Whenever someone in a movie or TV show reads a letter, nine times out of ten it'll be a prop with gibberish in it. Even if the letter appears on-screen, it normally goes by so quickly that you can't tell what was written on it. However, in today's day and age of TiVos and DVRs, you can freeze-frame anything and look for little easter eggs. Who thought there'd be one back in Leave it to Beaver?
Sharp-eyed Dave over on Shorpy was watching an episode recently where Ward got a letter from Beaver's principal, and paused it. Not only did he post the image, but he also typed out the entire letter. Head over there and check it out, because it's pretty funny. I'm sure this writer never had a clue that people 50 years after the fact would be reading this letter, but it adds an interesting level of humanity to Leave it to Beaver.
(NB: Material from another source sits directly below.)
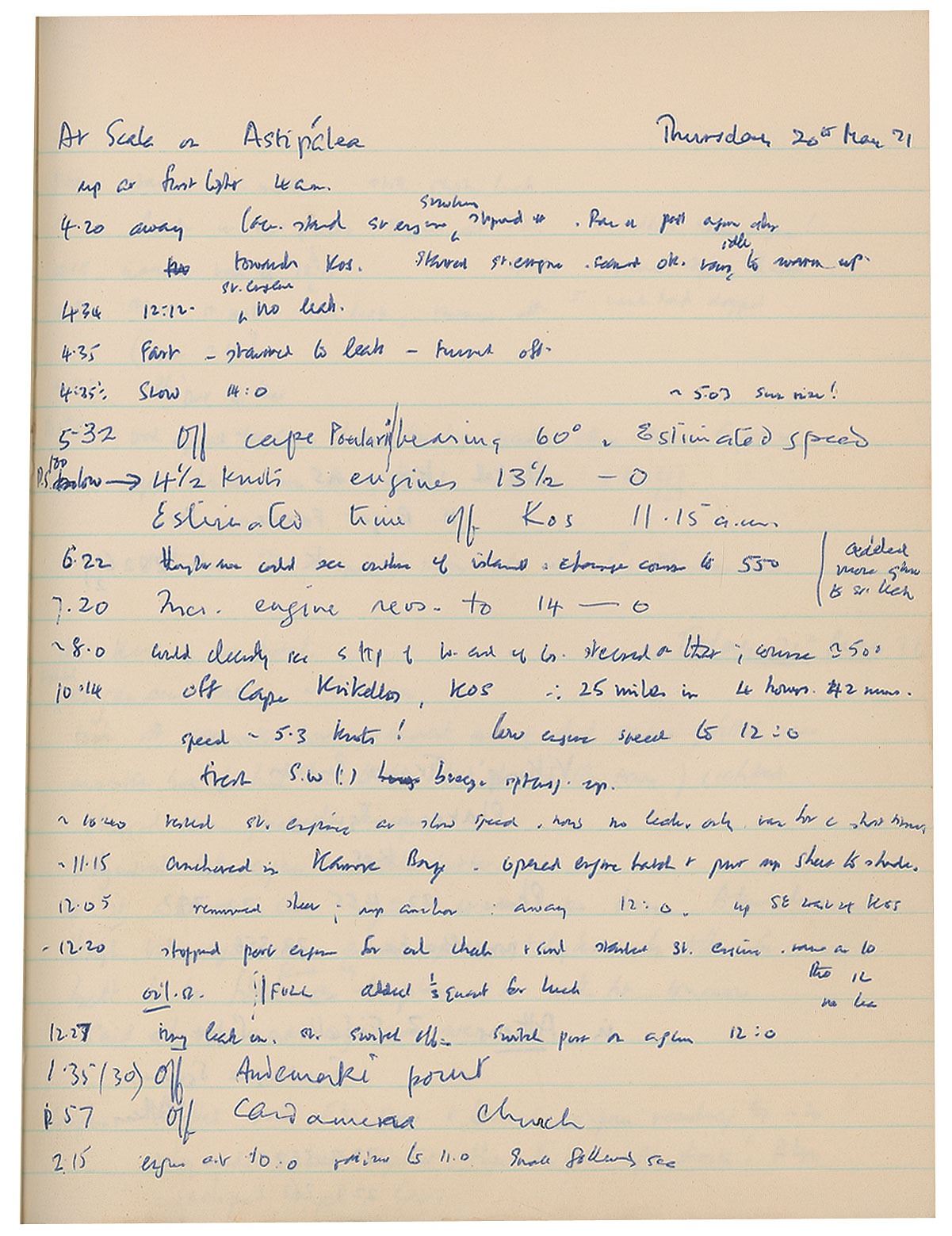 A formidable offering given the dearth of Crick personal effects that appear on the auction market—having first opened this logbook some six years after receiving the 1962 Nobel Prize in Physiology or Medicine, Crick chronicles his days and nights touring the Greek coastlines with expected fastidious attention to detail, his impressively ordered notes and vessel-monitoring offering an unparalleled glimpse into the inner workings of Crick’s mind.

You can just imagine this writer sitting in a warm office somewhere, a desk fan blowing tepid air around the room. He has his shirtsleeves rolled up and a pencil behind one ear and is pounding this letter out on a typewriter to take to the set. The baseball game is playing on a radio in the corner, and for some reason I picture this all in black and white. Nowadays, they'll probably just have a PA punch something up using a Lorem Ipsum generator.
Thanks for the walk down memory lane, Dave!















Reader Comments (Page 1 of 1)
5-02-2007 @ 9:35PM
Sam McConnell said...
Now just how cool is this. . . enjoyably designed not to be enjoyed. That writer, well he had class. I can tell.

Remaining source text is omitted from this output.